By 1924 his art had changed radically and the press now described his works as having simplified compositions, blocks of either crude or harmonious colors, and juxtaposed planes that rendered distorted perspectives. His art was attracting wealthy buyers. At this time he was in a very public and romantic relationship with the artist Ina Perham. In the summer of 1925 his decidedly Expressionist canvases, along with his earlier paintings, were given a one-man show at San Francisco's Galerie des Beaux Arts. When critics evaluated his new works, they called him a "colorist" with no interest in drawing, but they also claimed that he "set a high mark for Modernists." His huge scaled model of the town of "old Monterey" was displayed on the Peninsula.

In 1927 Price spent so much time in Berkeley and contributed to so many exhibits in the university town that he became a cult figure in the local art colony.
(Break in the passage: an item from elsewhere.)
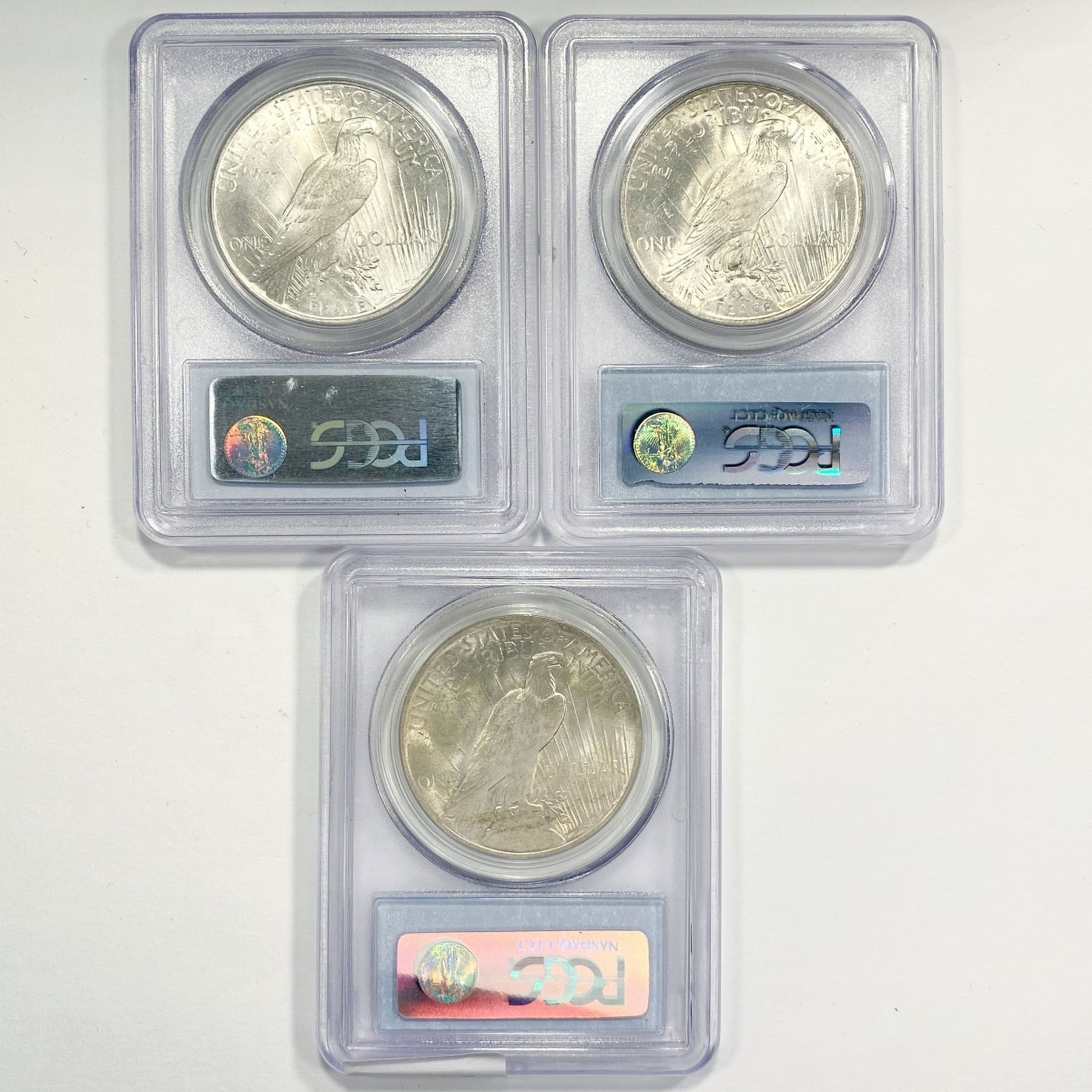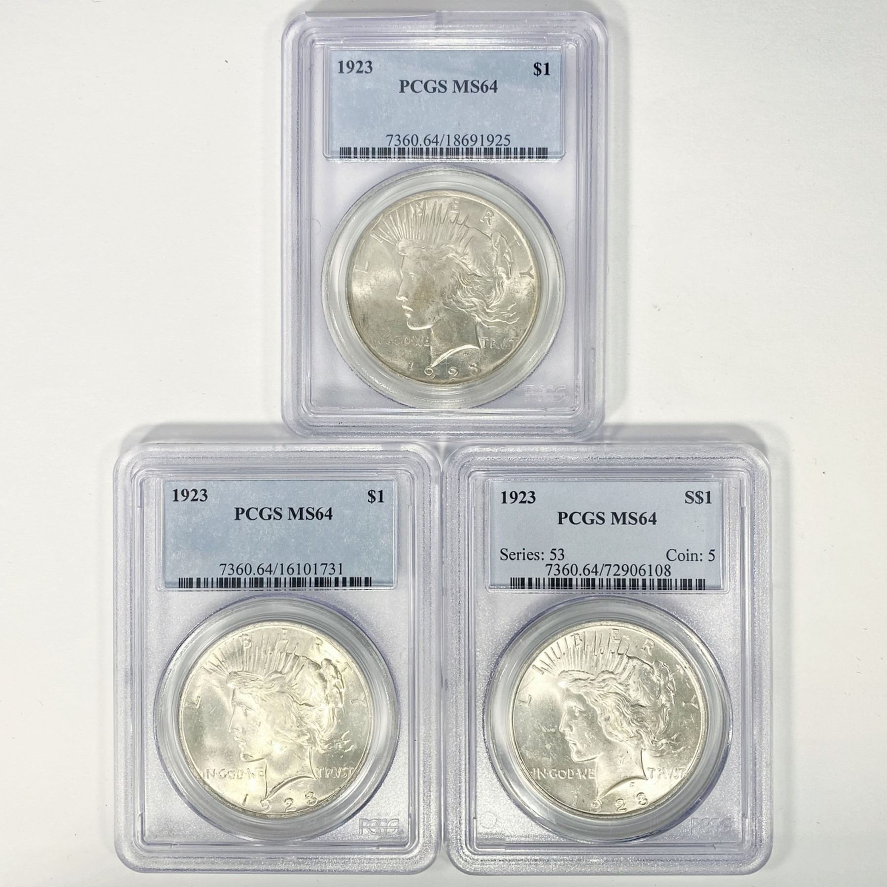 (3) 1923 Peace Silver Dollars PCGS MS64

That January his one-month show at the Berkeley League of Fine Arts attracted so much interest and so many students that it was extended into April; critics were enthralled by his purity, rhythm and progressive forms.

Ten of Hansen's most reformist students formed the somewhat amorphous "Monterey Group," which included Price and Perham, and in May 1927 staged a highly publicized exhibit at the Galerie des Beaux Arts. Although much of the exhibit was panned, Price's canvas entitled Ploughing was called "quite an achievement." That summer a jury accepted his art for the exhibit at the California State Fair. Although he moved to Portland in 1929 he maintained an active schedule of exhibitions in northern California. Price holds an honorary degree from Reed College.

==Style and collections==
His style grew throughout his life, moving through impressionism to expressionism. According to The Oregon Encyclopedia: "C.S. Price may be Oregon's most important and influential painter...[He] was nationally known in the 1940s."

Price's work can be found in the Northwest Collection of the Hallie Ford Museum of Art in Salem, Oregon.